Présidentielle – Une fessée et aux urnes !

Sébastien le Fol | 18 avril 2022

ÉDITO. 70 % des électeurs ont protesté au premier tour. « Ils ne savent pas ce qu’ils font », pense-t-on. Une erreur de diagnostic qui coûtera cher.

Soixante-dix. C’est le pourcentage que l’on obtient, selon la Fondation pour l’innovation politique, en additionnant les électeurs qui, au premier tour, ont voté pour un candidat « antisystème », choisi le vote blanc ou préféré l’abstention. Face à cette défiance grandissante, les défenseurs de la raison ne varient pas de position. Ils analysent toujours ce comportement électoral comme un geste passionnel, enfantin, une furie dominicale : « Ils ne savent pas ce qu’ils font ! » Sous-entendu : « Ça leur passera. »

Mais ça ne passe pas. Il y a des votes Le Pen de conviction ! Ce n’est pas une aigreur d’estomac qui dicte leur choix mais le programme de la candidate du Rassemblement national. Ne pas prendre en compte cette dimension nous empêche de penser la situation politique de notre pays dans sa complexité. Avec de telles œillères, on ne voit pas le nouveau paysage défiler.

Face à de tels choix politiques, un autre réflexe consiste à déclarer à la cantonade : « Il faut entendre le message adressé par les électeurs de Marine Le Pen… » Comme un médecin dirait à des parents : « Surveillez la fièvre de votre enfant. » Mais quel message ? Pourquoi exclure a priori qu’une bonne part de ces Français souhaitent vraiment porter Marine Le Pen au pouvoir ? Et en toute connaissance de cause !

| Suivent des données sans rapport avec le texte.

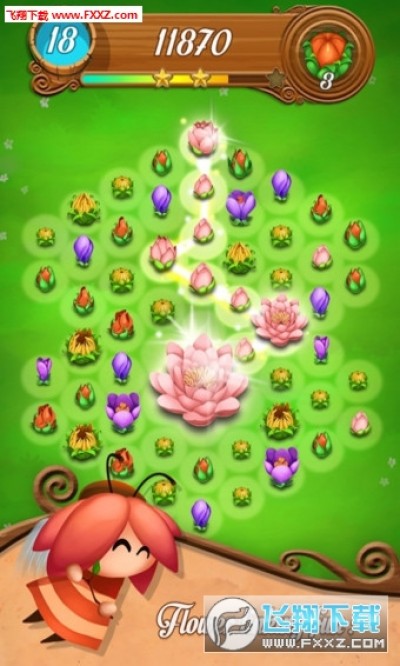 绽放花朵传奇手游最新安卓版游戏中玩家需要清除仪花圃,让更多的花蕾成功绽放!游戏采用了全新的六网格排列,你只需用手指将同色花儿连在一起,便能够消除绽放出美丽的鲜花来,有时还会看到勤劳的小蜜蜂来回飞过,为大家收集花蜜哟!提防好杂草的入侵,让这儿充满花香吧,将相同颜色的 3 个或更多花蕾连在一起,使花朵蓬勃生长。你所触发的鲜花绽放连锁反应将使你目不暇接。连锁反应一旦开始,你将获得巨大惊喜!
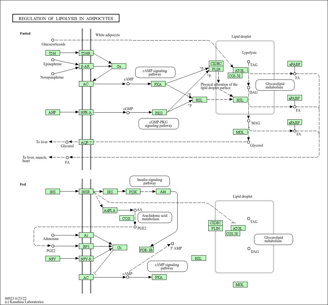 Lipolysis in adipocytes, the hydrolysis of triacylglycerol (TAG) to release fatty acids (FAs) and glycerol for use by other organs as energy substrates, is a unique function of white adipose tissue. Lipolysis is under tight hormonal control. During fasting, catecholamines, by binding to Gs-coupled-adrenergic receptors (-AR), activate adenylate cyclase (AC) to increase cAMP and activate protein kinase A (PKA). PKA phosphorylates target protein such as hormone-sensitive lipase (HSL) and perilipin 1 (PLIN). PLIN phosphorylation is a key event in the sequential activation of TAG hydrolysis involving adipose triglyceride lipase (ATGL), HSL, and monoglyceride lipase (MGL). During the fed state, insulin, through activation of phosphodiesterase-3B (PDE-3B), inhibits catecholamine-induced lipolysis via the degradation of cAMP.
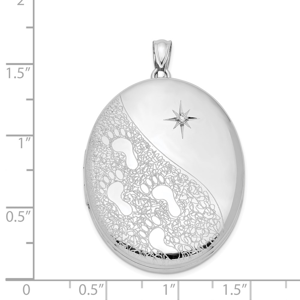 Sterling Silver Rhodium-plated & Diamond Footprints 34mm Oval Locket
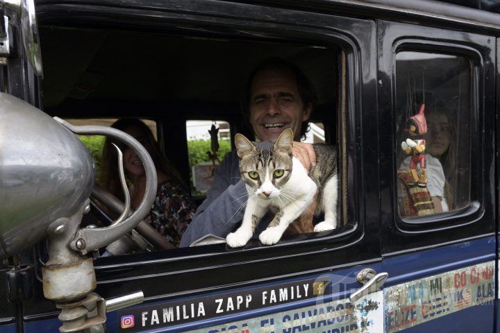 Herman Zapp Argentina dan Hakuna, kucing keluarga, melihat ke luar jendela mobil mereka, sebuah Graham-Paige 1928, di luar sebuah hotel di Gaualeguaychu, provinsi Entre Rios, Argentina, pada 10 Maret 2022. - Keluarga berharap selesai pada hari Minggu perjalanan 22 tahun keliling dunia yang dimulai pada 23 Januari 2000 di alun-alun Republica di Buenos Aires. (Photo by JUAN MABROMATA / AFP)
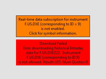Triggering next historical data download in queue. | 2022-11-25 18:46:59.286 HD Request # 44 | Downloading Intraday chart data for F.US.FDXMZ22 to the file F.US.FDXMZ22.scid. Service: eurex | 2022-11-25 18:46:59.286 HD Request # 44 | Download start date-time: 2022-11-25 18:46:33.000000. File last date-time: 2022-11-25 18:46:33.266000 | 2022-11-25 18:46:59.287 HD Request # 44 | Using server: ds24.sierracharts.com port 10150 | 2022-11-25 18:46:59.287 Socket (6) | Creating socket. | 2022-11-25 18:46:59.287 Socket (6) | New receive buffer size: 5242880 | 2022-11-25 18:46:59.287 Socket (6) | Connecting to IP: 154.14.194.212. | 2022-11-25 18:46:59.287 HD Request # 44 | Setting DTC encoding to Binary VLS | 2022-11-25 18:46:59.360 HD Request # 44 | Sending historical data logon request message. | 2022-11-25 18:46:59.360 Socket (7) | Socket gracefully closed by remote side. | 2022-11-25 18:46:59.432 Socket (7) | Closed. | 2022-11-25 18:46:59.432 HD Request # 44 | Requesting Intraday data. Start date-time: 2022-11-25 18:46:33. Record interval: 0. Symbol: FDXM202212_FUT_EUREX | 2022-11-25 18:46:59.498 HD Request # 44 | Decompressing data. | 2022-11-25 18:46:59.532 HD Request # 44 | Receiving Intraday data for F.US.FDXMZ22 starting at 2022-11-25 18:46:33.266000 | 2022-11-25 18:46:59.533 Socket (6) | CloseSocket call. | 2022-11-25 18:46:59.534 Historical data download thread signaled to stop. | 2022-11-25 18:46:59.534 Socket (6) | Shutdown started. Waiting for graceful close. | 2022-11-25 18:46:59.534 HD Request # 44 | Timestamp of first Intraday data file record written: 2022-11-25 18:46:48.882000. | 2022-11-25 18:46:59.534 HD Request # 44 | Received 8 Intraday data records from 2022-11-25 18:46:33.266000 to 2022-11-25 18:47:01.643000 (28.4 seconds) and wrote 7 records for F.US.FDXMZ22 | 2022-11-25 18:46:59.535 HD Request # 44 | Add time&sales data | Remembered last file record date-time: 2022-11-25 16:47:01.643000 | 2022-11-25 18:46:59.535 HD Request # 44 | Completion time: 0s. | 2022-11-25 18:46:59.535 HD Request # 44 | Intraday data download complete for F.US.FDXMZ22. Unique request ID: 38 | 2022-11-25 18:46:59.535 Removing historical data download ID 38. | 2022-11-25 18:46:59.535 Real-time Intraday chart data file updates started for F.US.FDXMZ22 | 2022-11-25 18:46:59.535 Intraday chart data file opened for F.US.FDXMZ22 | 2022-11-25 18:46:59.535 HD Request # 44 | Enabling Intraday chart updating for symbol. | 2022-11-25 18:46:59.535 |
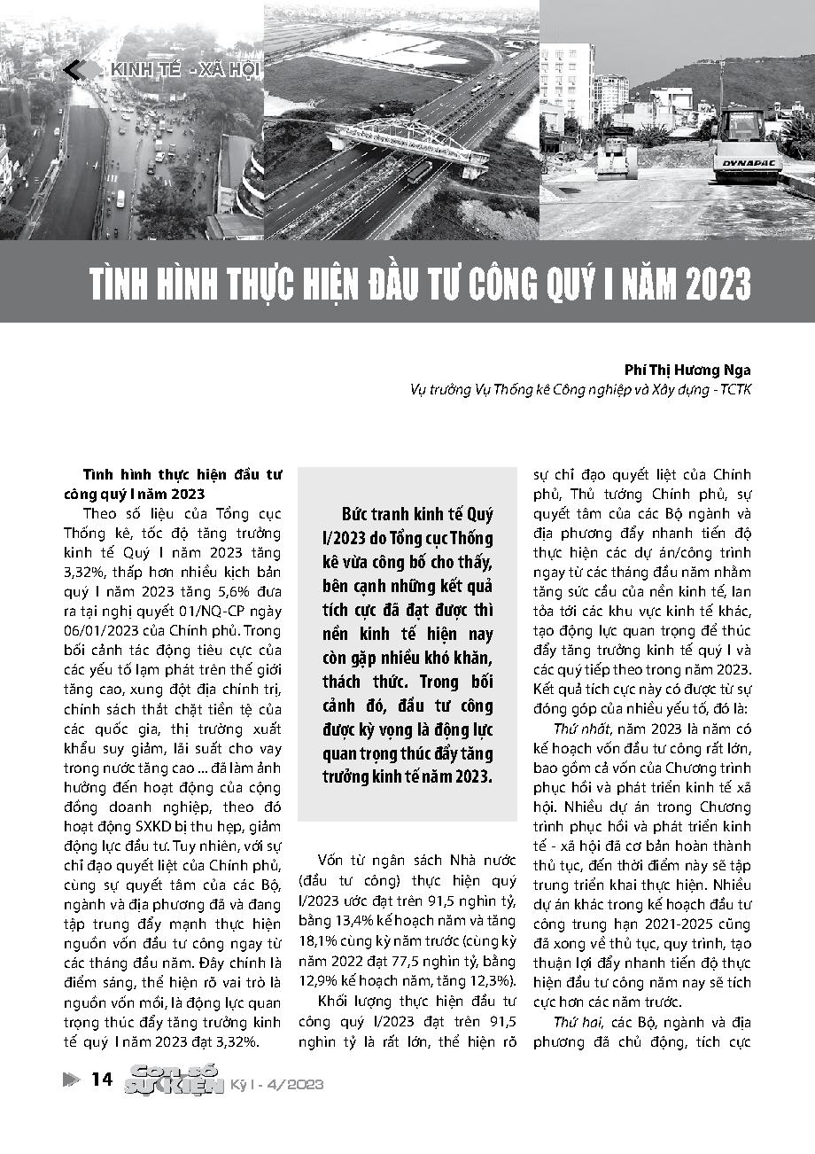 Tình hình thực hiện đầu tư công quý I năm 2023 = Status of public investment implementation in the first quarter of 2023
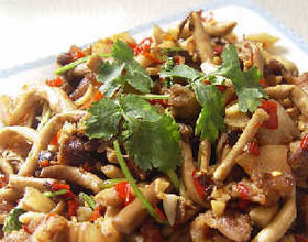 柳松茸烧冬笋:'1.柳松茸、冬笋以开水浸泡后切片。2.锅内放油加热至六分热,放入冬笋、柳松茸、火腿(切片)略炸后捞起,沥去油。3.在锅内加蒜(切末)、葱(切末)、...    详细介绍
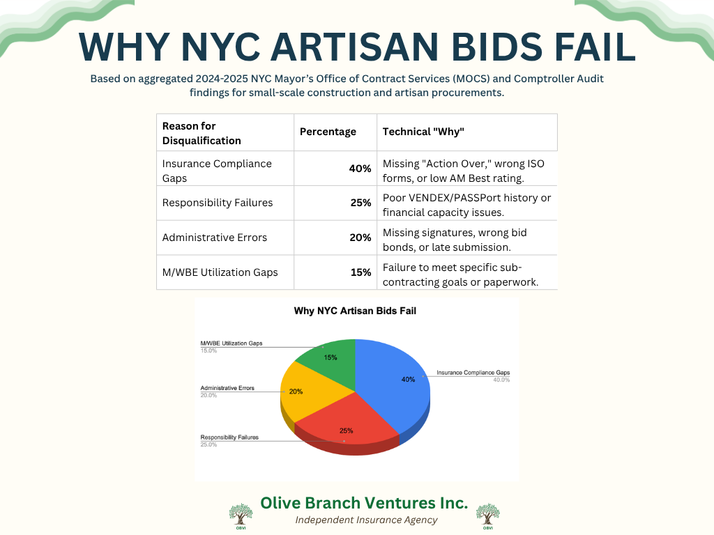 The data is clear: in NYC, insurance is not a commodity—it is a technically engineered shield. At Olive Branch Ventures, we don't just provide quotes; we provide technical audits of your "Action Over" gaps and carrier ratings to ensure you are bid-ready and fully protected.

Les gouvernants ont leur part de responsabilité dans le désenchantement démocratique, mais les gouvernés aussi. Pour un certain nombre de Français, la citoyenneté revêt une attitude inédite : la négation exclusivement. Le coup de pied au cul permanent. On l’a vu encore cette semaine avec le blocage et le saccage de la Sorbonne par des bébés révolutionnaires écœurés par les têtes d’affiche du second tour de la présidentielle. Faut-il réellement se plier à leurs caprices ?

« On a perdu de vue l’horizon de la démocratie : permettre à chacun d’être adulte et de le rester tout au long de sa vie », note le philosophe Pierre-Henri Tavoillot, dans Comment gouverner un peuple roi ?, un livre que tous nos dirigeants devraient avoir lu. Ce véritable art de gouvernement veut réconcilier la liberté du peuple et l’efficacité du pouvoir.

Les gens de gauche qui se pincent le nez

Nos dirigeants ont certes oublié le peuple, observe Tavoillot, en ne le regardant plus que « comme une somme de petites zones à défendre : les minorités, les victimes, les opprimés, les méprisés ». Mais nous autres individus du XXI siècle voulons être citoyens sans jamais obéir. Et encore moins sans chercher à comprendre nos gouvernants. Nous pensons qu’«  être libre, c’est être contre » ; qu’on agit parce qu’on s’indigne.

Cette année encore, l’argument d’autorité a été dégainé : ne votez pas Le Pen, c’est mal ! Il est souhaitable que cet épouvantail fasse encore l’affaire. Faute de mieux. Ce n’est pas certain. Toute une gauche gribouille dit préférer Macron tout en se pinçant le nez à l’énoncé de son nom. En ce mois d’avril 2022, une question brûle toutes les lèvres : qu’allons-nous faire des cinq prochaines années ? Et là, c’est le boulevard de l’angoisse.